Abstract
# Plant ID (Galvanize q3 Project)
### by Hayden Turek and James Proett

[https://plant-id.mybluemix.net/](https://plant-id.mybluemix.net/)
### Abstract
The intention of "Plant ID" is to classify and map instances of invasive plant species in the Austin area (and more broadly the entire state of Texas). The current effort to mitigate non-native plant species is a task limited to specialists who have an understanding of native/non-native plants and their diverse morphology at different developmental as well as seasonal stages. This project seeks lower the barrier of entry for contributing to mitigation efforts by incorporating image recognition technology. A layperson can now go out and run an image of a plant trough Plant-ID and with relative confidence classify an instance of an invasive plant. If the description and image provided match the field observation, the user can submit their photo where the location, species name, and confidence of the match is stored in our database, where it can later be accessed and validated by experts. We belive that this crowdsourced approach to identifying and chronicling instances of invasive plants can take a great deal of strain off the Parks Department resources.
### Acknowledgements
We would like to acknowledge: Louis René Barrera (Environmental Conservation Information Specialist, City of Austin Natural Resources Division), Christopher Ryan Sanchez (Culture and Arts Education Specialist, Austin Parks & Recreation Natural Resources Management - Zilker Botanical Gardens), Cynthia D. Klemmer, Ph.D. (Environmental Conservation Program Manager, Austin Parks & Recreation Nature Based Programs), Kayla Miloy (Environmental Specialist, Travis County Transportation and Natural Resources), Allison Hardy (Senior IT Geospatial Analyst, Austin Parks & Recreation) and Kimberly McNeeley (Acting Director, Austin Parks & Recreation Office of the Director) for their insights into the unfamiliar world of plant identification. The information we gained from taking with them, was crucial in the initial stages of the project.
### Background
"Plant ID" did not originate as an idea; it began simply as a desire to use IBM Watson Visual Recognition for plant taxonomy. The idea itself - train an instance of the service to identify invasive plant species prolific in the state of Texas - was derived from much research. It was the kind of research that gets inspired by constraint and creativity. Unless you are willing to incur overhead, which we were not, IBM limits Bluemix developers to one Watson Visual Recognition custom classifier and a maximum of 5,000 training images for that classifier. Having found the default classifier lacking and wishing to train our own, limiting the scope was thus mission critical, and so we set out in search of education.

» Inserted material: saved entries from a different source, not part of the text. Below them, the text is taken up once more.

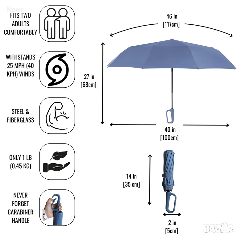 Голям автоматичен сгъваем чадър → Обява 52558172
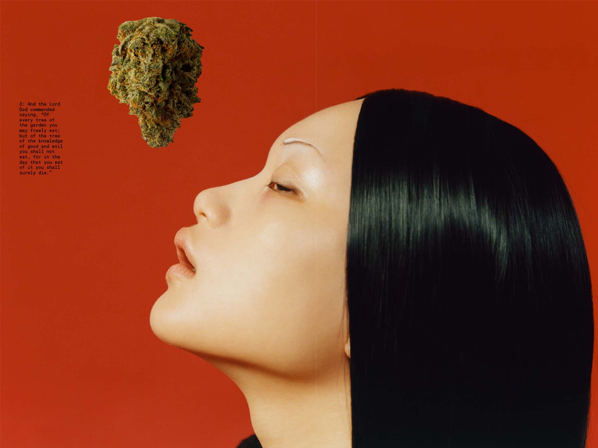 When we started working on Chapter Two, we actually had to cut a lot of things out because we were shooting in Korea, where cannabis is considered the “original sin.” For example, we couldn’t develop the weed garden we had originally planned. We had to individually make the weed plants from moss, molding clay and resin, and we ended up making 420+ little nuggets, which took almost a month. We felt there was something so carnal about this campaign that screens couldn’t capture, so we decided to do it the old school way: by shooting film, drawing out individual type with our amazing designer Corinne Ang, laying it by hand, and printing the zine. I got a few paper cuts, but I’m a survivor.
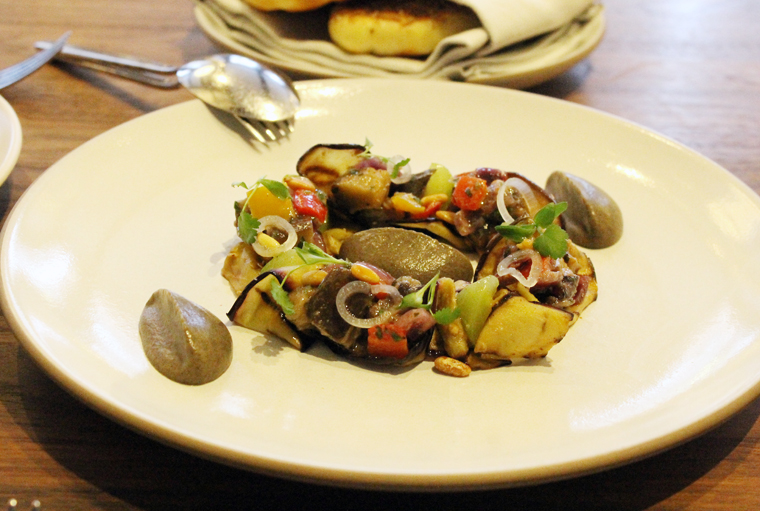 I’m sure we’ve all enjoyed baba ghanoush or other eggplant dips. But none presented as beautifully as the eggplant one ($16) here.

Our initial thought was to approach the University of Texas, but it was made clear early on that they would not help us. Though this was disheartening, we did not give up, deciding then to visit a number of government buildings in downtown Austin where we met and talked with a whole host of helpful civil servants.
Drawing on the things learned, we ultimately decided to go with invasive plant species in Texas, mostly because it checked every box important to us: relevant, useful, and feasible. Since there are only a few species actively threatening the state ecosystem at a given time, we were able to provide a greater number of training examples for each species, making each respective class highly accurate.
#### A Novel Solution
Perhaps the most interesting facet of this admittedly overly ambitious undertaking was the solution by which we solved the problem of the data.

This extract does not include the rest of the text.